« Piétons, si vous lâchiez un peu vos écouteurs ?« , je lis chez Rue89, qui s’étonne que des mesures ne soient pas prises alors que les accidents de piétons portant un casque augmentent.

Je me dis que c’est quand même étonnant de voir cette logique déformée: on constate que la rue est dangereuse pour le piéton, et de ce fait on lui conseille à lui, au piéton, d’ouvrir le radar et de faire attention à sa vie. En poursuivant la logique, le sourd, le handicapé, la personne âgée ou l’enfant ne devraient probablement pas sortir, parce que pas suffisamment équipés pour faire face au danger.

Avec le développement des infrastructures pour la voiture, le piéton s’est effectivement retrouvé un peu sur la touche. Les centres sont bien sûr aménagés pour la plupart ou ont été réaménagés, mais en dehors le piéton se faufile où il peut, quand il peut. Sur un trottoir étroit, le long de la circulation, sur un passage qu’on lui a aménagé – pas forcément là où il a besoin de traverser, sans forcément assez de temps pour passer, au travers de la circulation plutôt que dans un passage souterrain glauque, etc, etc. La conception de la circulation a été influencée par la voiture, depuis qu’elle est devenue l’outil moderne qui allait libérer les déplacements. On fait circuler, on « débite », on autorise des vitesses élevées y compris dans les localités. Le piéton fait avec, fait attention, cherche le lieu et le moment pour traverser. Le piéton « vulnérable », enfant par exemple, est souvent gardé à l’écart de cette source de danger, transporté à l’école en voiture etc.  Et on ne parle même pas du bruit et de l’odeur, ou plutôt du goudronnage de poumons.
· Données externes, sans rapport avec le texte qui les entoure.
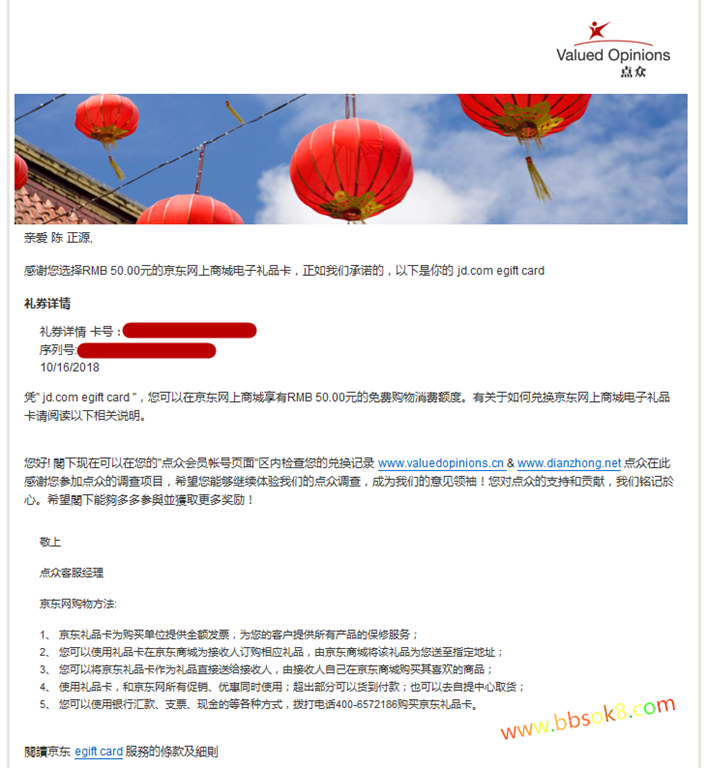 2016年2月6日收到国外点众调查收款RMB 50.00元的京东网上商城电子礼品卡
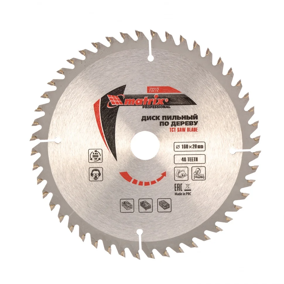 Пильный диск по дереву Matrix ф160 х 20 мм 73212 с 48 зубьями и переходным кольцом 20/16 применяется в качестве оснастки на циркулярных и торцовочных пилах с соответствующим внутренним и внешним диаметром. Он используется преимущественно для поперечного реза материалов из мягкой и твердой древесины, ДСП, ДВП, фанеры, столярных плит. В комплект входит переходное кольцо 20/16 для возможности самостоятельного изменения посадочного диаметра при необходимости.ПреимуществаМелкие зубья с попеременной заточкой обеспечивают точность, качество реза и получение чистых кромок, диск подходит для бытового и профессионального применения.Основание выполнено из стали 65Mn, а режущая пластина - из сплава YG8 твердостью более 88 HRA, поэтому диск имеет высокий ресурс и долго сохраняет заточку.Зубья прошли алмазную заточку, что повышает эффективность реза и позволяет увеличить срок службы диска.Компенсационные прорези снижают риск заклинивания диска, делают рез максимально точным и стабильным.
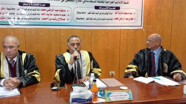شهد قسم التوليد وأمراض النساء بكلية الطب البشري بجامعة سوهاج، مناقشة رسالة ماجستير بعنوان "تقييم الأساليب الجراحية المختلفة المستخدمة في العلاج التحفظي في حالات المشيمة الملتصقة بمستشفى سوهاج الجامعي" المقدمة من الباحث عبد الله أحمد رفعت طبيب مقيم بقسم التوليد وأمراض النساء كلية الطب جامعة سوهاج، وذلك بقاعة الدكتور محمود رياض بمستشفى سوهاج الجامعي القديم.
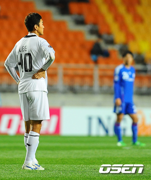 19일 오후 경기도 수원시 수원월드컵경기장서 열린 '2011 아시아축구연맹(AFC) 챔피언스리그' 4강전 1차전 수원 삼성과 알 사드(카타르)의 경기 후반 알 사드 니앙이 선취골을 넣었다. 알 사드 이정수가 수비 자리를 지키며 환호하는 동료 선수들을 지켜보고 있다. 알 사드는 카타르 프로축구에서 11차례나 우승한 강호로 2006~2008년까지 수원에서 뛰었던 이정수가 알 사드에 소속되어 있어 국내팬들의 관심을 모으고 있는 팀이다. 수원은 오범석이 경고 누적으로 출전하지 못한다는 점은 아쉽지만 염기훈, 박현범 등 K리그에서 최상의 모습을 보이고 있는 선수들을 앞세워 알 사드의 기세를 꺾겠다는 각오다. /soul1014@osen.co.kr
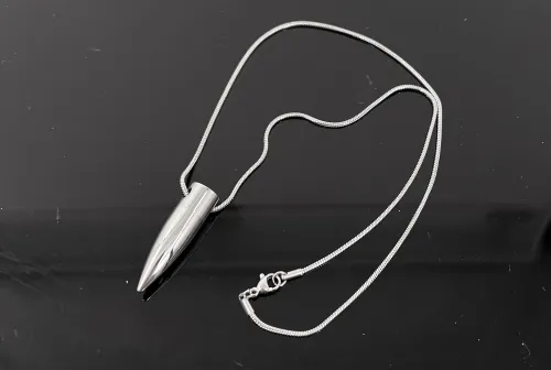 30.00 Bullet Capsule Necklace Mar 8, 2026 - 12:03 PM Mrd74 Stainless steel bullet pendant unscrews to reveal a hidden compartment, a perfect way to carry pr
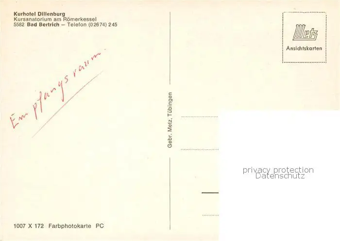 Bad_Bertrich Kurhotel Dillenburg Rezeption Bad_Bertrich postalisch nicht gelaufen nach 1965 Erhaltung siehe scans [FriedD77] Frierer
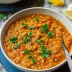 If you’re missing either green or red lentils, you can use just one type—red lentils cook faster and break down more, giving a creamier soup, while green lentils hold their shape better. Either way works well in this soup.
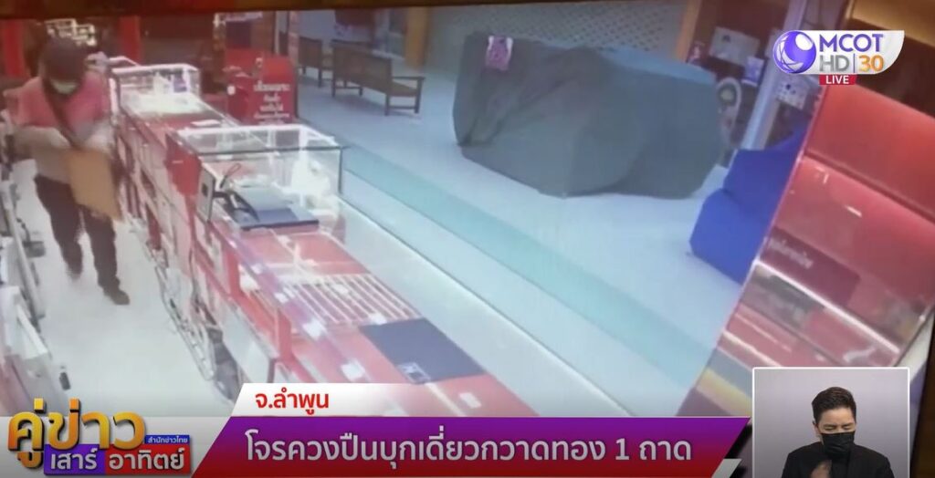 ลำพูน 26 ก.พ. – คนร้ายบุกเดี่ยวจี้ชิงทอง ร้านทองเยาวราชกรุงเทพ ภายในกลางห้างดัง จ.ลำพูน กวาดทอง 1 ถาด ขี่จักรยานยนต์หลบหนีลอยนวล
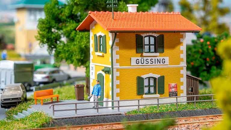 Как и вокзал "Гюссинг", этот домик смотрителя впечатляет своей яркой цветовой гаммой ярко–желтого цвета - он по-настоящему привлекает внимание на любом объекте. Цоколь, карниз и фриз напечатаны цифровым способом и создают белые акценты. Идеально подходит для добавления нового слоя краски в ландшафт модельной железной дороги.
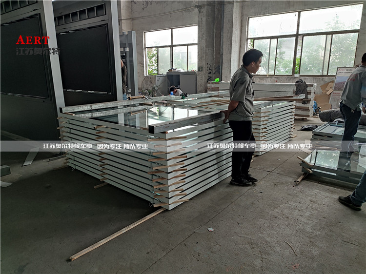 外(wài)箱(xiāng)玻璃(lí)打膠凝固晾幹中
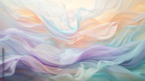 Delicate, silky waves in pastel tones of peach, lavender, and mint, gently swaying over a white canvas in a harmonious rhythm.
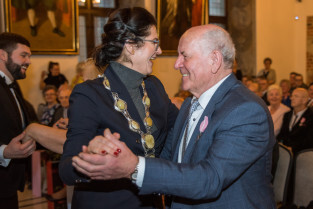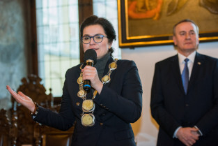 Gdańsk, Ratusz Głównego Miasta. Jubileusz Par Małżeńskich - Złote Gody, podczas których Prezydent Gdańska Aleksandra Dulkiewicz wręczyła medale za długoletnie pożycie małżeńskie. Nz. Prezydent Gdańska Aleksandra Dulkiewicz
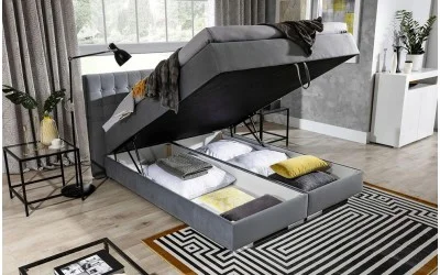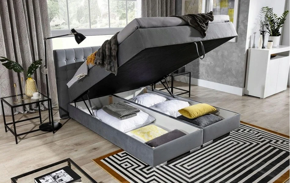 Pojemnik na pościel unoszony siłownikami gazowymi jest łatwy w obsłudze i pozwala zadbać o porządek w sypialni.
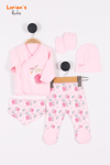 Lorian's Doğal Pamuklu Yeni Doğan Kuğu Nakışlı Patikli Bebek 5'li Zıbın Takım - Hastane çıkışı - Pembe
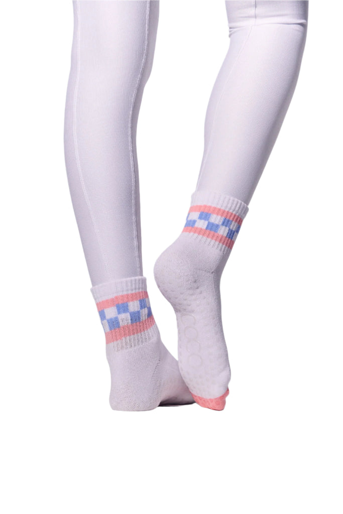 The best barre and pilates grip socks. This COCO Sock has all the features of a favorite grip sock with its cushioning soft feel and detailed with a classic stripe. With its versatile wear of scrunched or tall, you can wear it with leggings or shorts.
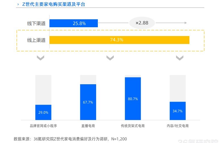 和美妝護(hù)膚、服飾食品行業(yè)的自播內(nèi)容相比,家電品牌更注重專(zhuān)業(yè)知識(shí)的輸出,無(wú)論是通過(guò)加長(zhǎng)直播時(shí)長(zhǎng)對(duì)產(chǎn)品功能進(jìn)行滾動(dòng)講解,還是通過(guò)有意思的聯(lián)動(dòng)進(jìn)行現(xiàn)場(chǎng)演示,都是為了讓消費(fèi)者對(duì)產(chǎn)品有更詳細(xì)的認(rèn)知。除了加碼自播,家電品牌也在通過(guò)內(nèi)容吸引流量,搶奪年輕用戶(hù)的心智。隨著90后和Z世代開(kāi)始步入租房和買(mǎi)房陣營(yíng),線(xiàn)上平臺(tái)成為他們獲取家電產(chǎn)品信息、購(gòu)買(mǎi)家電產(chǎn)品的主流陣地。根據(jù)《Z世代家電消費(fèi)及內(nèi)容興趣報(bào)告》顯示,74.3%的Z世代選擇線(xiàn)上渠道,其中直播電商占比67.7%。
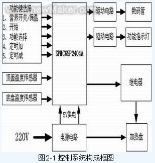 利用凌陽8位MCU設計的智能電飯煲控制系統原理框圖如圖2-1所示,通過按鍵來選擇功能模式、顯示電路完成顯示當前狀態和定時時間;通過溫度傳感器來對溫度進行采樣;通過MCU的控制終極實現對繼電器的控制,從而來控制對加熱盤的加熱與否,電源部分完成對單片機系統和外圍電路提供5V電源,并且對加熱盤進行加熱。

Je pense donc qu’il y a un problème de causalité et de priorités dans la ville. Le code de la rue (par opposition au code de la route) propose le principe de prudence du plus fort vis-à-vis du plus faible comme condition de base pour la cohabitation. Il a le mérite d’avoir posé ce prérequis qui est une évidence quand on vise une égalité entre l’humain à pied et celui qui se déplace dans un engin de 2 tonnes (ou plus). Ce qui manque maintenant c’est une véritable application de ce principe, qui passe par la pacification des espaces partagés et la création d’aménagements piétons bien placés, bien dimensionnés, accessibles à tous. Je ne parle bien sûr pas du fait d’éliminer le danger, idée bizarre qui nous mènerait vers une société où les « conduites à risque » seraient impossibles et le libre-arbitre supprimé, évidemment non. Non, je parle de réfléchir au passage à niveau au lieu de réfléchir sur le fait que le piéton qui passait portait des écouteurs. Réfléchir à l’absence de traversée aménagée, au lieu de se dire qu’avec les écouteurs, « le coup de klaxon n’avait pas suffi ». Réfléchir aux vitesses qu’on permet, en regard avec les publics qui y font face. Après des décennies de dimensionnement « hydraulique » des transports, pour les flux de voitures, il est franchement temps.